(MATERIAL FOR THIS EXERCISE Opens)

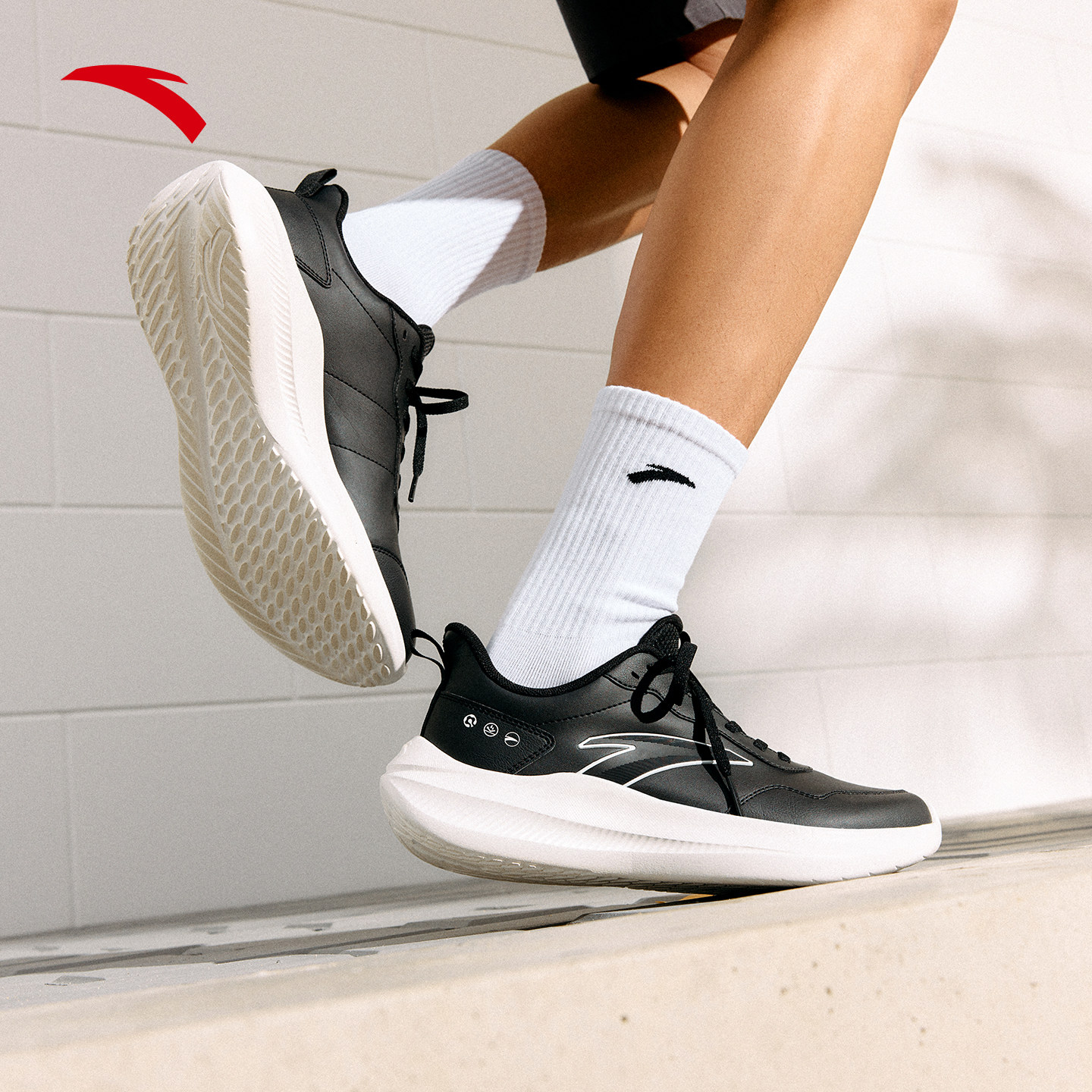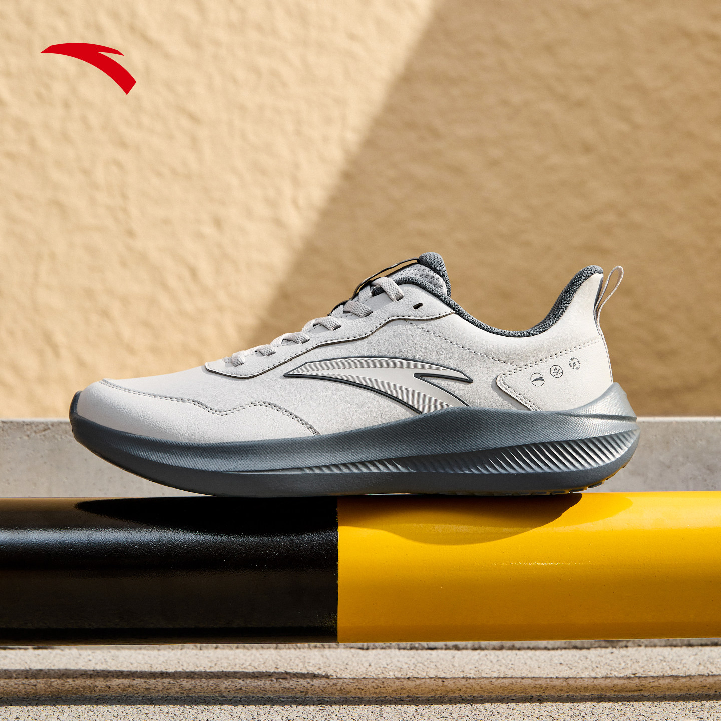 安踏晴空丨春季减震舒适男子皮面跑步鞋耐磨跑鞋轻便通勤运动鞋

(MATERIAL FOR THIS EXERCISE Closes)
(MATERIAL FOR THIS EXERCISE Opens)

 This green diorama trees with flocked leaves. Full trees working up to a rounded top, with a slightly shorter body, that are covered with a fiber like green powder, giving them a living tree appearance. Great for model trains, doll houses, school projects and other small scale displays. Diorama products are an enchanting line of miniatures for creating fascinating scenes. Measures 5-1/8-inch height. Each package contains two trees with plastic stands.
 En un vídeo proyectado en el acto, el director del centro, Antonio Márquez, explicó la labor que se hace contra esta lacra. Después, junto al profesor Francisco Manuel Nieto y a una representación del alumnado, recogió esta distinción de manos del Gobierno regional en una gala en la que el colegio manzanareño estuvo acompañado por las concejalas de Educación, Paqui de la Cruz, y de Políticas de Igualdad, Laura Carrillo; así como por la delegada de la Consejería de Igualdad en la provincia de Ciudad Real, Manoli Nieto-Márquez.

(MATERIAL FOR THIS EXERCISE Closes)
(MATERIAL FOR THIS EXERCISE Opens)

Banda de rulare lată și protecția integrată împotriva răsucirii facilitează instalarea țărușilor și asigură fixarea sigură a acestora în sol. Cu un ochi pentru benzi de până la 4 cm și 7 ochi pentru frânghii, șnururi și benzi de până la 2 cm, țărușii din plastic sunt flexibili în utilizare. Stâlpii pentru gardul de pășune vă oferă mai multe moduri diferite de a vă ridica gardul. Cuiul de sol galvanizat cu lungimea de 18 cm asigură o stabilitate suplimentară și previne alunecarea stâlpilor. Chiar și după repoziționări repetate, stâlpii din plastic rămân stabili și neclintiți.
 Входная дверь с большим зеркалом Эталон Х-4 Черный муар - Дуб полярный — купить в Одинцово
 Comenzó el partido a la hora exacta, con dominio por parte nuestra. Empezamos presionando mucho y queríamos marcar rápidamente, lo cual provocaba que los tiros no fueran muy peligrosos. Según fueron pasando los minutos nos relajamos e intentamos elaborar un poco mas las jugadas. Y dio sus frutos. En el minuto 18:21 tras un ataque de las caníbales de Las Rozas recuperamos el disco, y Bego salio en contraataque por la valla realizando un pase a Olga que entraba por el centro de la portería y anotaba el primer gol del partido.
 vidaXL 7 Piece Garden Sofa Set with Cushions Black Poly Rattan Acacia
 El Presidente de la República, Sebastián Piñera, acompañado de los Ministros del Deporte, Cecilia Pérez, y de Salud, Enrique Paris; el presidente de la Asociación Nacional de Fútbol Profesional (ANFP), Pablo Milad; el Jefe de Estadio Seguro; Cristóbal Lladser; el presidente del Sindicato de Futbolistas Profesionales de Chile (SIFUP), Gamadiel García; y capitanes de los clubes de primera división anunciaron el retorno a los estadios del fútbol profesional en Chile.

(MATERIAL FOR THIS EXERCISE Closes)

WORK TASK =
Spot the lines above that mention "with" and copy them.

TASK RESULT =
 This green diorama trees with flocked leaves. Full trees working up to a rounded top, with a slightly shorter body, that are covered with a fiber like green powder, giving them a living tree appearance. Great for model trains, doll houses, school projects and other small scale displays. Diorama products are an enchanting line of miniatures for creating fascinating scenes. Measures 5-1/8-inch height. Each package contains two trees with plastic stands.
 vidaXL 7 Piece Garden Sofa Set with Cushions Black Poly Rattan Acacia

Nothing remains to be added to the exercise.